I spend a lot of time watching and reviewing videos. I’ve probably seen more than I care to count — and so have you. Recently I read that viewers watch, on average, between 18 and 21 hours of video a month online alone. Video has become our modern method of storytelling and communication. With every one I watch, I seem to either love it or hate it. I began to explore this polarizing effect and realized it comes down to approach. Many do not associate video with design, falling prey to overused and dated techniques.
Traditionally, video producers are not trained in design. A sad fact, really, given that so many elements of design can and should be directly translated to video. Design refers not only to appearance, but also emotion — how does someone not only perceive the work, but how does it make them feel?
So, if you make videos, buy videos or just watch them — pay attention to the attributes of good design:
Balance & Space
Balance refers to the placement of elements within a design. Space refers to the negative space around each component. Every aspect of a video should have its place, both within the frame and also within the context of the video as a whole. For instance, although title safe and action safe may matter less online than they do it television, they can still be used as a general guide for placement of objects within a frame. A frame of video is a canvas that should be properly laid out.

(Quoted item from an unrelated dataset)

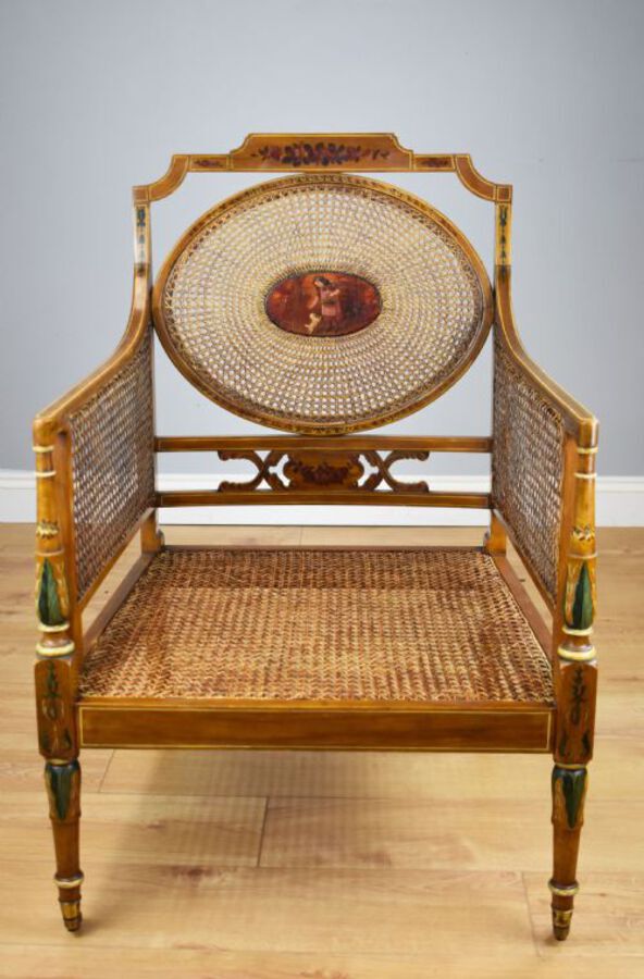 For sale is a good quality Victorian Satin Birch Cane armchair By Howard & Sons of Berner Street. The chair has an ornately hand-painted frame with caned seats, sides and back, the centre of the back has a decorative hand-painted panel showing a girl and her dog. The chair stands on brass castors and is in very good condition for its age, with all of the can seat and sides remaining intact and the frame is structurally sound. The chair is stamped Howard & Sons, serial no. 17346 9132.

Text has always played a major part in video production. Typography is the study and correct use of text and type. It is also perhaps one of the most disregarded elements of design in video. We should all take time to understand strong fonts and utilize them appropriately. If an audience can’t read it, why is it there? What makes Helvetica, Gotham and Futura so loved? Why should Zapfino and Papyrus never be used in video (I’m looking at you, Avatar. The poster, okay, but the subtitles, really?)
Rhythm & Movement
Often, we do not consider traditional design as rhythmic; but think of a graph — a mental examination of each measurement in some sort of sequence. There is such movement and rhythm in virtually every piece of design. The same holds true for video, only that it unfolds in real-time instead of solely in the path of our eyes. The pacing, timing and motion of a video all matter for retention, engagement and interest.
Contrast in video not only refers to being able to read text on screen or see a character in a dark room. It also considers the classic battle between good and evil, the story. Contrast is like conflict, there needs to remain a clear separation between characters in a plot. Every video needs a story and in good story lines, contrast plays a significant role.
Emphasis & Focus
This is one of the most critical elements of design. We’ve all seen ads that have 800 words on one poster. We all ask the same thing: what am I supposed to focus on? Video begs the same question; a story should lead to a focal point or a climax, letting viewers know what is being emphasized. This is the opportunity to convey the key message. What is the big idea to learn or remember?
The key to design is purpose. Frame by frame and story by story. It is this attention to detail that separates mere video from video that has been designed. That is what creation is all about.